Square Root of 1889

The square root is the inverse of squaring a number. 1889 is not a perfect square. The square root of 1889 is expressed in both radical and exponential form. In radical form, it is expressed as √1889, whereas in exponential form, it is (1889)^(1/2). √1889 ≈ 43.4483, which is an irrational number because it cannot be expressed as p/q, where p and q are integers and q ≠ 0.

The prime factorization method is typically used for perfect squares. However, for non-perfect squares, methods like the long division method and approximation method are used. Let us now learn the following methods:

• Prime factorization method 

• Long division method 

• Approximation method

The prime factorization of a number involves expressing it as a product of prime factors. Now let us see how 1889 is broken down into its prime factors:

Step 1: Finding the prime factors of 1889. It turns out 1889 is a prime number itself, so it cannot be broken down further into prime factors.

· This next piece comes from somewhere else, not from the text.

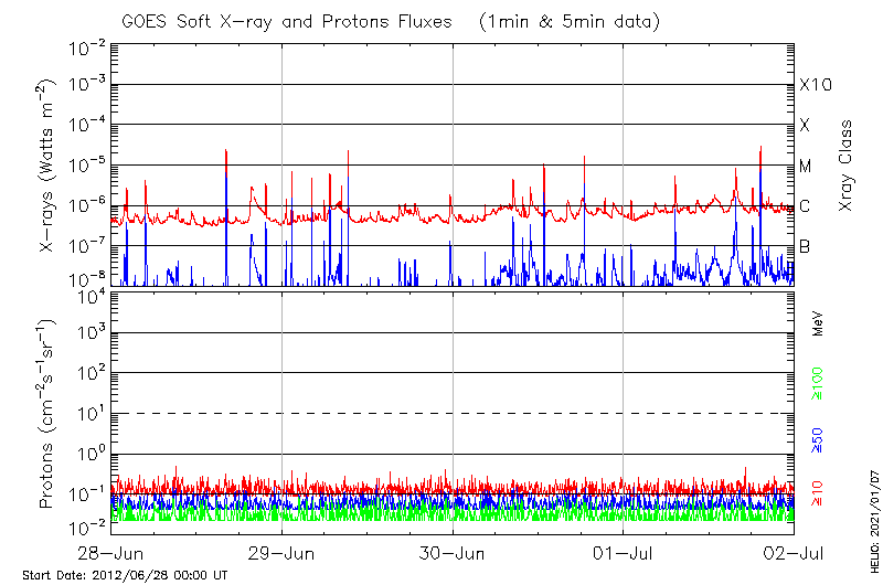 This page provides light-curves generated from GOES soft X-ray and Particle data for the date indicated at the top and the preceding three days.
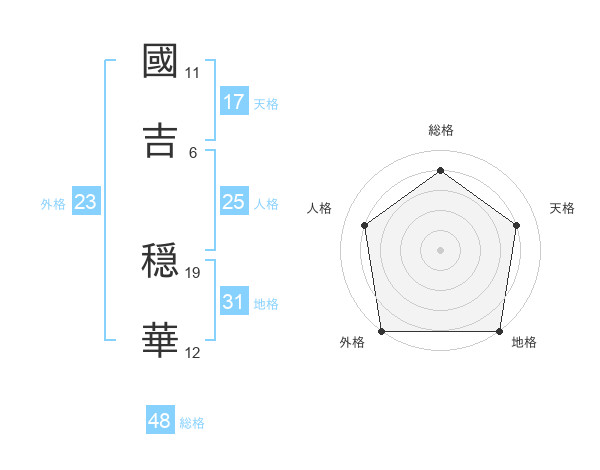 國吉 穏華さんの外格は23画の5点!

Step 2: Since 1889 is a prime number and not a perfect square, calculating its square root using prime factorization alone is not feasible.

The long division method is particularly used for non-perfect square numbers. Here is how to find the square root using the long division method, step by step:

Step 1: Group the numbers from right to left. For 1889, group it as 18 and 89.

Step 2: Find n whose square is less than or equal to 18. We choose n as 4 because 4 x 4 = 16. The quotient is 4, and the remainder is 2 after subtracting 16 from 18.

Step 3: Bring down 89 to make the new dividend 289. Double the quotient for the new divisor, 4 + 4 = 8.

Step 4: Find a digit x such that 8x multiplied by x is less than or equal to 289. The correct digit is 3, as 83 x 3 = 249.

Step 5: Subtract 249 from 289 to get a remainder of 40.

Step 6: Add a decimal point to the quotient and bring down 00 to make the new dividend 4000.

Step 7: The new divisor is 86x. Find x such that 86x multiplied by x is less than or equal to 4000. The digit is 4, giving 864 x 4 = 3456.

Step 8: Subtract 3456 from 4000 to get a remainder of 544.

Step 9: The quotient so far is 43.4. Continue the process to obtain more decimal places if needed.

So the square root of √1889 is approximately 43.448.

The approximation method is another way to find square roots. It's an easy method to find the square root of a given number. Now let's learn how to find the square root of 1889 using this method.

Step 1: Find the closest perfect squares around 1889. The smallest perfect square less than 1889 is 1764 (42^2), and the largest perfect square greater than 1889 is 1936 (44^2). √1889 falls between 42 and 44.

Step 2: Apply the approximation formula: (Given number - smallest perfect square) / (Greater perfect square - smallest perfect square).

By the formula, (1889 - 1764) / (1936 - 1764) = 125 / 172 ≈ 0.7267.

The initial approximation is 42 + 0.7267 ≈ 42.7267. Refine further to get √1889 ≈ 43.4483.

• Square root: A square root is the inverse operation of squaring a number. Example: 4^2 = 16 and the inverse of the square is the square root, so √16 = 4.

• Irrational number: An irrational number cannot be expressed as a fraction p/q, where q ≠ 0 and p and q are integers.

• Prime number: A number greater than 1 that has no positive divisors other than 1 and itself.

• Radical: The symbol √ used to denote the square root or nth root of a number.

• Long division method: A technique for finding the square roots of non-perfect squares through a step-by-step division process.